In some industries monitoring is common, if not in fact expected, for example in financial services firms.  In most cases, monitoring is either random and to spot check quality and employee compliance, or for a specific purpose, such as detection of employee misconduct or crime. 

Although Article 8 is of course applicable, so too is the Data Protection Act 1998 and associated codes and guidance (DPA), the Regulation of Investigatory Powers Act 2000 (RIPA) and Telecommunications (Lawful Business Practice)(Interception of Communications) Regulations 2000.

At law, the position is that monitoring is not permitted unless there is an objective justification for doing so and any monitoring carried out must be proportionate and legitimate.  Excessive surveillance is likely to be a breach of at least one of these Acts or Regulations and can be a breach of the duty of trust and confidence (amongst other potential employment claims) between employer and employee.  Furthermore, excessive surveillance in an inappropriate context could result in poor employee engagement and affect employee relations.  In any case, most employers have neither the inclination, nor resources to monitor all employees in the manner of “big brother”. 

There is no blanket right to complete privacy in the workplace.  If an employer puts their employees on notice that privacy may be restricted (with reference to specific policies or employer actions), this is generally enough to restrict an employee’s Article 8 rights.  Interestingly, in the dissenting judgment, Judge Pinto de Albuquerque, lamented the ECHR’s missed opportunity to develop case law on the privacy of employees’ internet communications and it seems he views restrictions on access to internet communications (even during working time on an employer’s computer) as akin to fetters on the right to freedom of expression.

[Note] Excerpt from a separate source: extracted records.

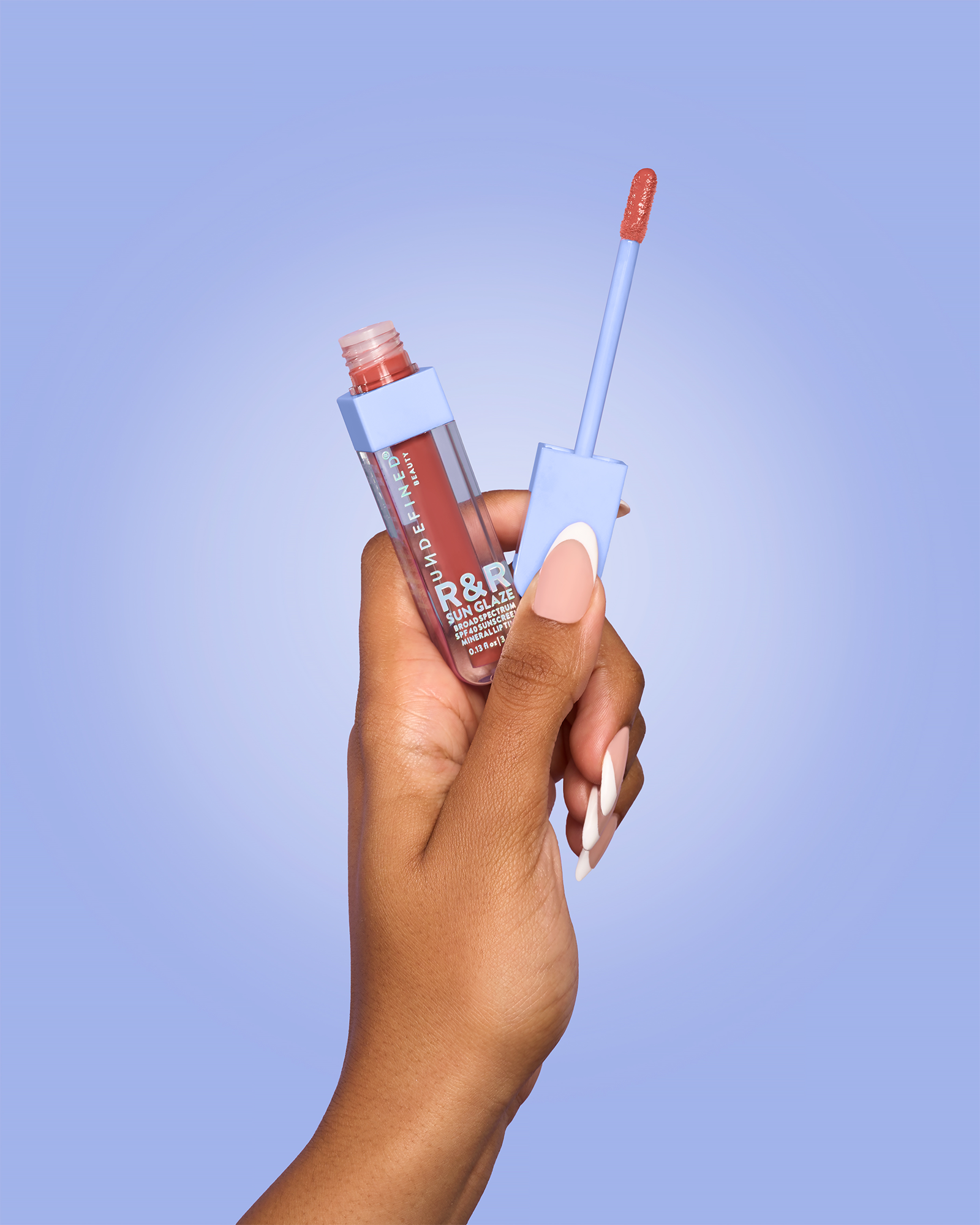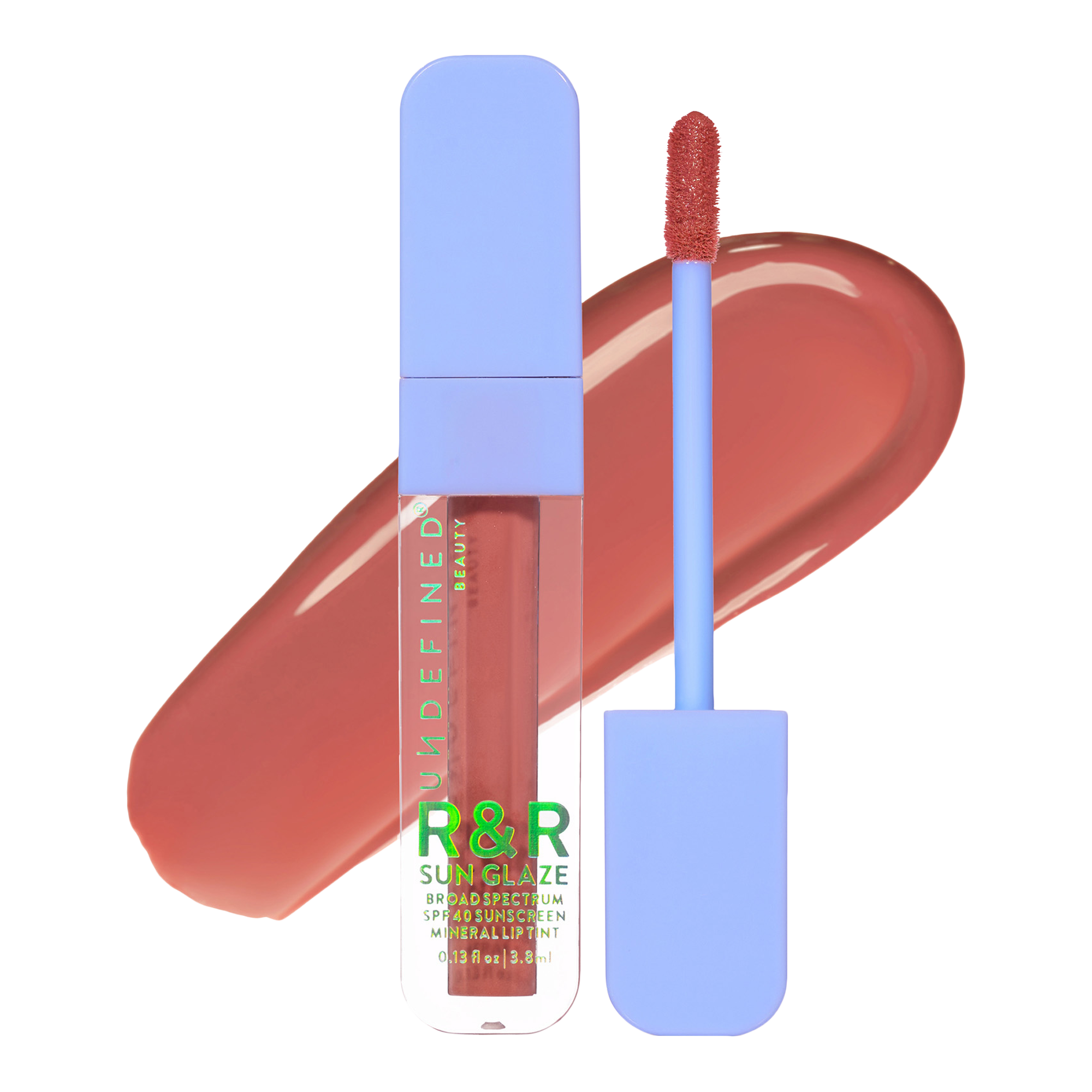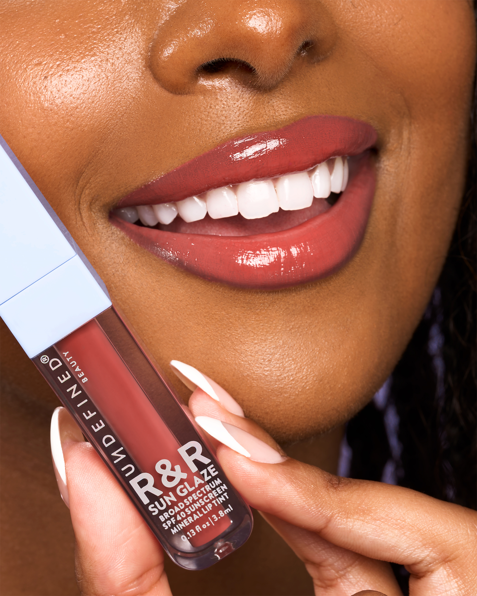 Undefined Beauty R&R Sun Glaze Mineral SPF 40 Lip Tint is like a SPF basecoat + topcoat for your lips. This non-sticky lip oil tint is infused with Ceramides, Peptides and Hyaluronic Acid to deliver a pop of color + Broad Spectrum SPF 40 protection.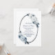 Une invitation à une célébration de mariage intime élégante avec des fleurs bleues et blanches.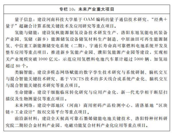 谋篇布局未来产业《规划》提出,河南要强化前沿领域跟踪突破,谋篇布局未来产业。围绕“优中培精”、“有中育新”、“无中生有”三大路径,超前谋划支撑未来产业发展的核心要素,谋篇布局量子信息、氢能与储能、类脑智能、未来网络等未来产业,力争在若干前沿领域实现重大突破,培育形成一批引领能力强、经济效益好、具备核心竞争力的未来产业链群,争创国家未来产业先导试验区。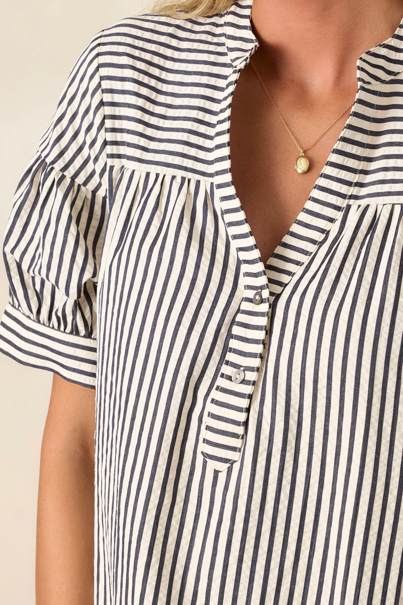 Look effortlessly chic in our Bitter Sweet Symphony Navy Stripe Mini Dress. Made with a classic navy and white stripe pattern, this dress is perfect for any casual occasion. The lightweight fabric and flattering silhouette provide both comfort and style. Elevate your wardrobe and feel confident in this versatile dress. This mini dress features a v-neckline, a button up bust, a relaxed fit, a vertical navy and white stripe design, and short sleeves.

Monitoring internet, email and social media use will involve the processing of personal data, and the eight data protection principles dealing with the processing of personal data are engaged.  Specifically, this requires the employer to provide information about the method, type of information and manner of processing of data.  The processing of personal data should be proportionate to the aims for which it was processed and should be subject to appropriate technical and organisational measures which prevent unauthorised or unlawful processing, accidental loss, destruction or damage.  The Employment Practices Code states that simply informing employees that monitoring will take place is not sufficient: employees should be aware of the reason for monitoring; the circumstances in which it takes place; how the information will be used; who it will be disclosed to; and how data will be protected.  It also recommends that an impact assessment is undertaken prior to any monitoring to ensure that any monitoring strikes the right balance between employees’ and the employer’s rights.

This case serves as a useful reminder that monitoring is permissible if carried out for a legitimate reason, proportionately and with employees’ knowledge.  This case concerned instant messaging, because nearly 10 years ago, social media as we know it now was in its infancy (in fact one of the reasons Mr Bărbulescu gave for using the work system was that mobile phones and phone tariff charges were very expensive).  In 2016 employers may have legitimate concerns about cyberslacking by employees’ misuse of social media and reputational damage by inappropriate posts by employees about themselves, others or their employers.  Now is as good a time as any to refresh those social media and email/ computer use policies or to draft them, to make sure that employers stay within the law and that employees are on notice of what is and what is not acceptable behaviour in the workplace.